We initiate the study of fine-grained completeness theorems for exact and approximate optimization in the polynomial-time regime. Inspired by the first completeness results for decision problems in P (Gao, Impagliazzo, Kolokolova, Williams, TALG 2019) as well as the classic class MaxSNP and MaxSNP-completeness for NP optimization problems (Papadimitriou, Yannakakis, JCSS 1991), we define polynomial-time analogues MaxSP and MinSP, which contain a number of natural optimization problems in P, including Maximum Inner Product, general forms of nearest neighbor search and optimization variants of the (k)-XOR problem. Specifically, we define MaxSP as the class of problems definable as (\max_{x_1,\dots,x_k} #\{ (y_1,\dots,y_\ell) : \phi(x_1,\dots,x_k, y_1,\dots,y_\ell) \}), where (\phi) is a quantifier-free first-order property over a given relational structure (with MinSP defined analogously). On (m)-sized structures, we can solve each such problem in time (O(m^{k+\ell-1})).
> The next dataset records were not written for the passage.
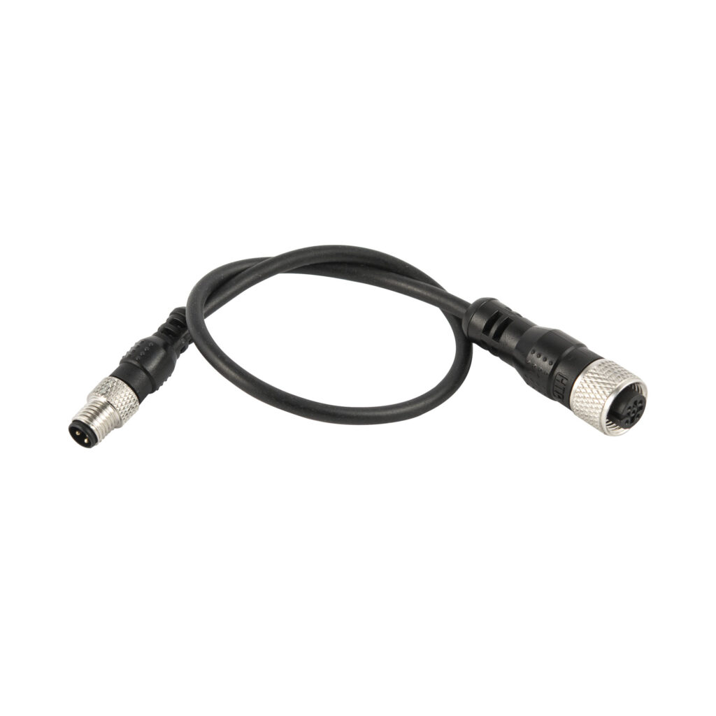 Anschlusskabel für digitale Ein-/Ausgänge, M8 Stecker gerade 3-polig / M8 Buchse gerade 5-polig, Länge 0,2 m.
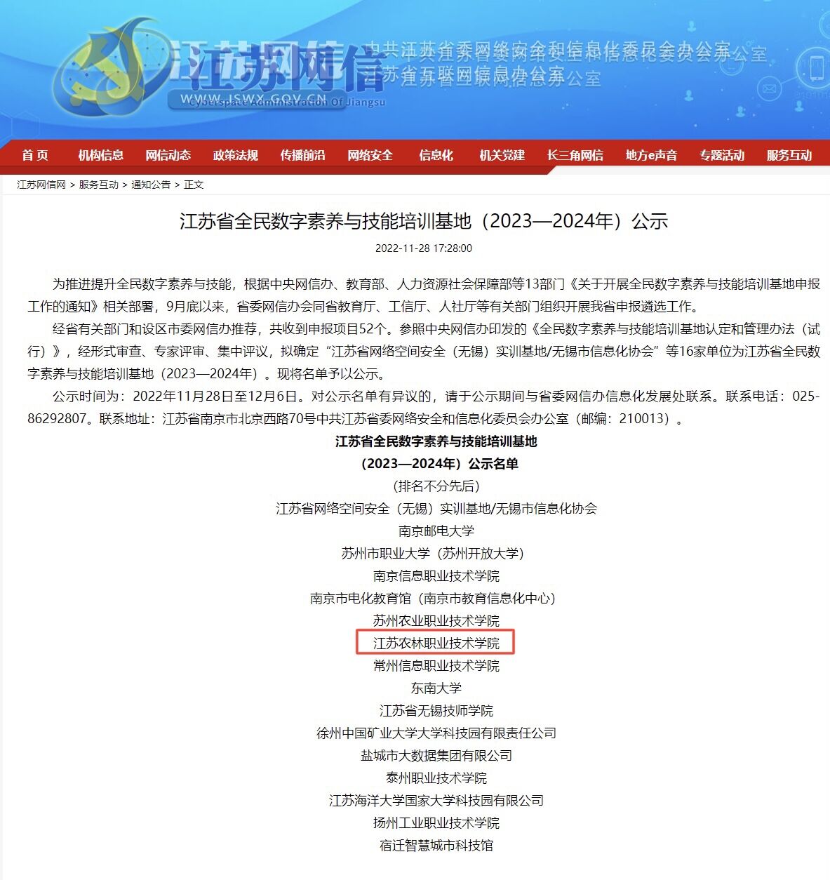 为推进提升全民数字素养与技能,根据中央网信办、教育部、人力资源社会保障部等13部门《关于开展全民数字素养与技能培训基地申报工作的通知》相关部署,由信息工程色花堂 牵头提交的《数字新农人》项目脱颖而出,2022年12月我院成功入选江苏省全民数字素养与技能培训基地。
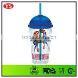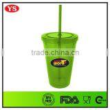 BPA Free 450 ml Double Wall Custom Printed Plastic Cup With Straw and Lid

Our results are:

• We determine (a sparse variant of) the Maximum/Minimum Inner Product problem as complete under deterministic fine-grained reductions: A strongly subquadratic algorithm for Maximum/Minimum Inner Product would beat the baseline running time of (O(m^{k+\ell-1})) for all problems in MaxSP/MinSP by a polynomial factor.
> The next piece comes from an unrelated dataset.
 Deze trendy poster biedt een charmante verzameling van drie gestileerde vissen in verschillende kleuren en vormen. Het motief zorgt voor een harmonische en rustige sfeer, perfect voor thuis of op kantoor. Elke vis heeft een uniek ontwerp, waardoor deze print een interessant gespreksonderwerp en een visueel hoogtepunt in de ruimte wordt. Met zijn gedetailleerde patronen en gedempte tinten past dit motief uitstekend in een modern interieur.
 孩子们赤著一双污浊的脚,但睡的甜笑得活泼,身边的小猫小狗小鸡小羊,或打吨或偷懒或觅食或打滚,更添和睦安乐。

• This completeness transfers to approximation: Maximum/Minimum Inner Product is also complete in the sense that a strongly subquadratic (c)-approximation would give a ((c+\epsilon))-approximation for all MaxSP/MinSP problems in time (O(m^{k+\ell-1-\delta})), where (\epsilon > 0) can be chosen arbitrarily small. Combining our completeness with~(Chen, Williams, SODA 2019), we obtain the perhaps surprising consequence that refuting the OV Hypothesis is equivalent to giving a (O(1))-approximation for all MinSP problems in faster-than-(O(m^{k+\ell-1})) time.